PAPUA BARAT, JAGAPAPUA.COM - Anggota Komisi X DPR Robert J Kardinal mendorong Badan Pemeriksa Keuangan (BPK) bersama Badan Pengawas Keuangan dan Pembangunan melakukan audit terhadap penggunaan dana Corporate Social Responsibility (CSR) dan Dana Bagi Hasil Migas (DBH) yang berasal dari LNG Tangguh. Menurutnya ini penting untuk memastikan keuntungan dari pengelolaan minyak dan gas (Migas) di Blok Tangguh benar-benar tepat sasaran.

"Saya sebagai anggota DPR dari Papua Barat akan menggunakan kewenangan saya untuk meminta BPK dan BPKP melakukan audit investigasi terhadap dana CSR dan DBH itu," tegas Robert di Jakarta, kemarin.

Robert menuturkan, dirinya akan segera berkirim surat ke BPK dan BPKP perihal audit tersebut. Apalagi dia merasa, dana dari CSR dan DBH yang berasal dari hasil pengerukan kekayaan alam di Blok Tangguh belum signifikan meningkatkan kesejahteraan masyarakat Papua Barat khususnya di Bintuni.

"Mereka (masyarakat adat) punya gas diambil disitu tetapi ternyata disana banyak masyarakat miskin disana. Saya apresiasi temuan Filep Wamafma (Wakil Ketua Komite I DPD) dan saya meminta aparat penegak hukum melakukan tindakan penyelidikan awal," lanjut politisi Fraksi Golkar ini.

Dia berharap melalui audit investigasi ini, penyimpangan atas dana CSR dan DBH bagi masyarakat di Teluk Bintuni dapat dicegah. Sebab dirinya ingat betul ketika pertama kali Kab. Teluk Bintuni ini dibentuk, dana CSR dan DBH walau saat itu masih terbilang kecil, namun mampu membangun banyak infrastruktur pendidikan dan kesehatan disana mulai dari sekolah, rumah sakit hingga meningkatkan taraf pendidikan masyarakat asli Papua.

"Tetapi disaat DBH sekarang jauh berkali-kali lebih besar malah tidak bisa karena tidak mungkin masyarakat (Teluk Bintuni) sedikit tapi banyak anak yang tidak menikmati sekolah, mengalami stunting dan sebagainya. Apakah ini salah program atau terjadi hal-hal lain sehingga perlu diinvestigasi oleh BPK dan BPKP," ujarnya.

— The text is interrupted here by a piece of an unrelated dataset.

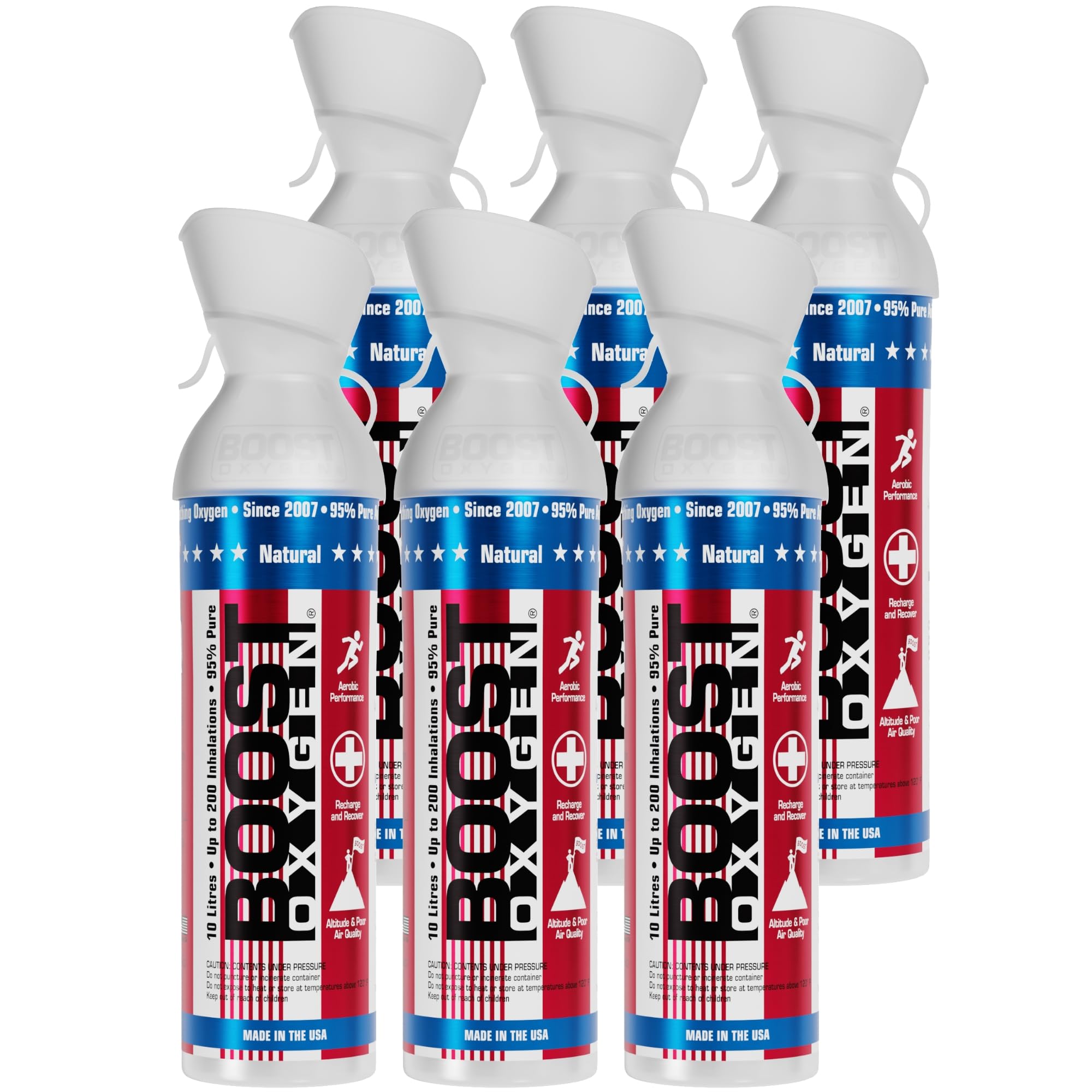 CONVENIENT, LIGHTWEIGHT, AND RECYCLABLE: this 6-pack of Boost Oxygen comes with portable oxygen canisters for on-the-go lifestyles that are completely recyclable. Each canister contains 10 liters.

Selain itu, Robert juga menilai masalah CSR dan DBH atas pengelolaan di Blok Tangguh ini juga perlu diselesaikan mengingat Provinsi Papua Barat ini telah mengalami pemekaran menjadi Papua Barat Daya. Nah dengan situasi tersebut, tentunya dana DBH yang diperoleh Papua Barat menjadi lebih besar lantaran 6 kabupaten yang sebelumnya menjadi bagian dari Papua Barat, menjadi daerah otonom baru (DOB) dengan Provinsi Papua Barat Daya.

"Tadinya DBH dibagi ke 13 kabupaten. Namun ada DOB (Papua Barat Daya), berarti (DBH) tidak perlu (dibagi) lagi," ujarnya.

Namun lebih dari itu, Robert mendorong agar ada hilirisasi dari hasil pengelolaan migas di Blok Tangguh. Menurutnya, upaya hilirisasi ini penting mengingat aspirasi masyarakat disana meminta agar hasil pembangunan yang menggunakan gas alam dari Teluk Bintuni bisa dihilirisasi di tempat tersebut.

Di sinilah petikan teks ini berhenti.